Van Hoek now got a contemptuous look which Jack was only able to see with the help of a convenient triple lightning bolt. “You sorely underestimate their intelligence, sir. It is not necessary to come out and state everything so directly. A well-formed Narration says as much by what is left out of it as by what is put in.”
“Then perhaps you should have left more out. I have some experience in matters theatrickal, sir,” Jack said, “which is applicable here insofar as this quarterdeck resembles nothing so much as a stage, and those, to my eye-notwithstanding your very generous estimate of their intelligence-look like nothing so much as groundlings, knee-deep in hazelnut shells and gin-bottles, waiting-begging-to be hit over their heads with some direct and unambiguous message.”
A lightning-bomb detonated over Manila.
“There is your message,” van Hoek said pointing toward the city, “and your groundlings will go into it tonight, and dwell in that Message for the next two months. You have dwelt there, too, Jack-did the Message not reach your ears?”
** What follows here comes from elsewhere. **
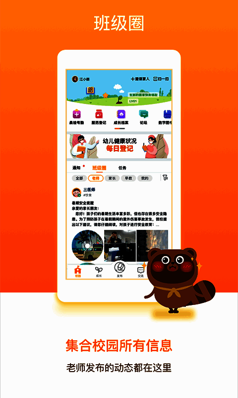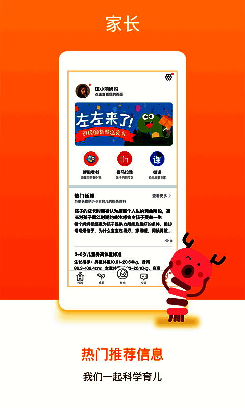 1. 首页校园:汇聚校园所有信息,老师发布的动态、任务集中于此。2. 平台热门推荐:成长徽章任务,携手科学育儿。3. 优化成长册:新增成长册自动同步、预览等功能,可切换模板打印。

“I may have heard faint whisperings-could you amplify it?”
“Of all the enterprises to which a man can devote his energies,” van Hoek began grudgingly, raising his voice, “long-distance trade is the most profitable. It is what every Jew, Puritan, Dutchman, Huguenot, Armenian, and Banyan aspires to-it is what built the Navies and palaces of Europe, the Court of the Great Mogul in Shahjahanabad, and many other prodigies besides. And yet in the world of trade, it is common knowledge that no circuit-not the slave trade of the Caribbean, not the spice trade of the Indies-exceeds the Manila-to-Acapulco run in sheer profit. The wealthiest Banyans in Surat and bankers in Genoa lay their perfumed heads on silken pillows at night, and dream of sending a few bales of cargo across the Pacific on the Manila Galleon. Even with all the dangers, and the swingeing duty that must be shelled out to the Viceroy, the profits never fall below four hundred percent. That city is founded upon such dreams, Jack. We are all going to go there now.”
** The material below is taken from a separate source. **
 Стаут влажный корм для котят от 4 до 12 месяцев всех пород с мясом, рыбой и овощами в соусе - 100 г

Van Hoek finally shut up at this point, and in the silence that followed he realized that, down below him on the upperdeck, his rant was being dutifully translated into diverse heathen tongues. The translators took more or less time to relate it, depending on the wordiness of their several languages and how much they edited out or how freely they embellished. But when the last of them finally wound up his oration, a light pattering started up. Jack flinched, thinking it was more hail. But then it grew into a heavy, stomping roar, and he recognized it as applause. Dappa thrust both index fingers into his mouth and emitted a piercing noise. Van Hoek seemed startled at first; then understanding dawned, and he turned to Jack, removed his hat, and bowed.